1. Create `locales/<lang>.json` with a complete `gram` block following `docs/grammar-table-spec.md`.
2. Populate `gram.verb` comprehensively — tiers 2 and 3 of the fallback chain are English-only.
3. Populate `gram.noun` with gender fields if the language has grammatical gender.
4. Set `gram.article.by_gender` for gendered article systems.
5. Set `gram.punct.label` correctly — French uses `" :"` (space before colon), English uses `":"`.
6. Populate `gram.signal` lists so the disambiguation tokeniser has language-appropriate determiners and auxiliaries.
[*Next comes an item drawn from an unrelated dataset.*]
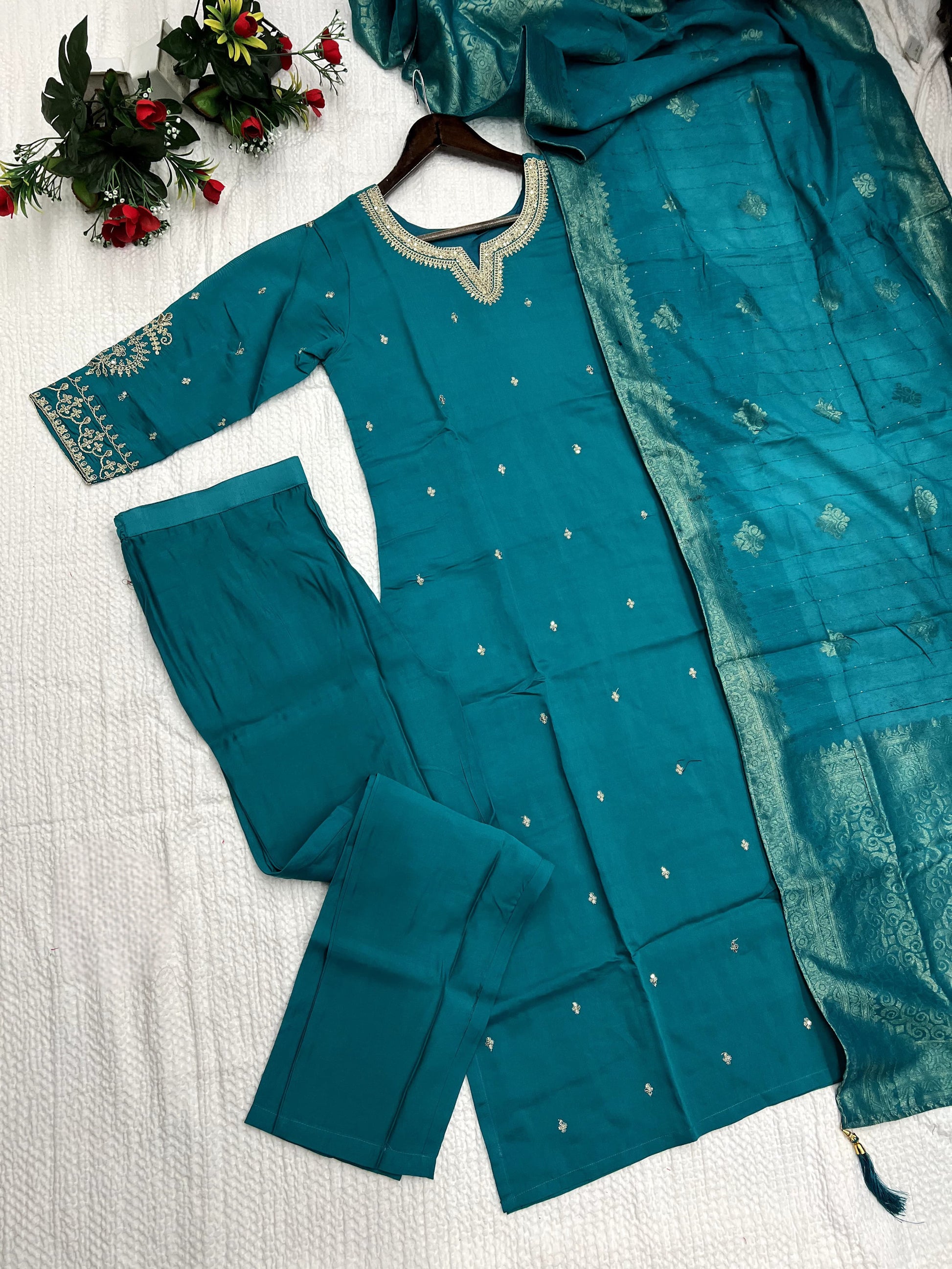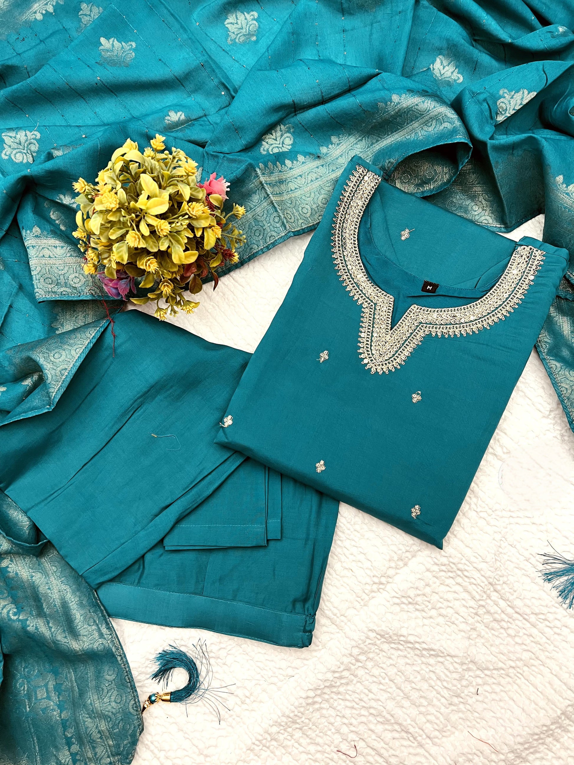 Teal Rama Roman Silk Embroidered Kurta Set with Jacquard Dupatta – Women's Ethnic Wear

Without these, the tokeniser uses hardcoded English defaults.
7. Add a plural rule function to the `pluralRules` map in `types.go` if the language has non-standard plural categories (beyond one/other).
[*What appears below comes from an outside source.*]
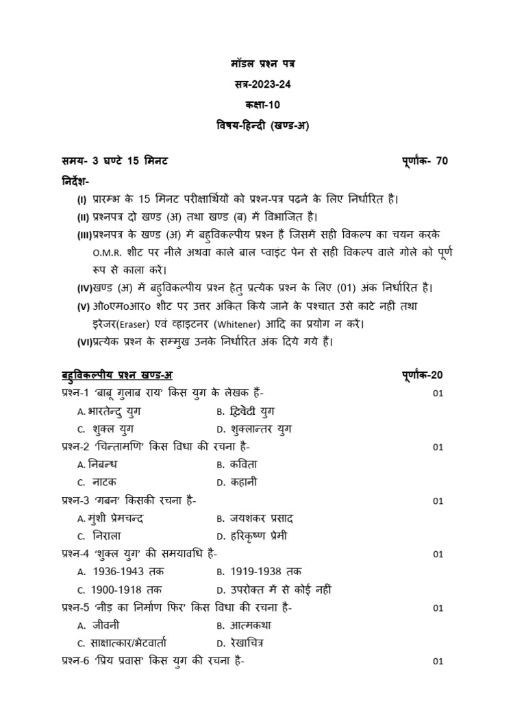 (IV)ख ड (अ) म बहु वक पीय न हे तु येक न के लए (01) अंक नधा रत है ।

8. Run `go test ./...` and confirm all existing tests still pass. Add grammar data tests that verify the loaded counts and known values.
9. If the language needs reversal support, verify that `NewTokeniserForLang("<lang>")` builds indexes correctly and that `MatchVerb` / `MatchNoun` return correct results for a sample of forms.

---

## Performance Notes

- `Imprint.Similar` is zero-alloc. Keep it that way — it is called in tight loops during reference comparison.
- `WithSignals()` allocates `SignalBreakdown` on every ambiguous token. It is for diagnostics only; never enable it in the hot path.
- `Multiplier.Expand` allocates heavily (63 allocs for a four-word sentence). If it becomes a bottleneck, pool the token slices.
- The `grammarCache` uses `sync.RWMutex` with read-biased locking. Languages are loaded once at startup and then read-only; this is the intended pattern.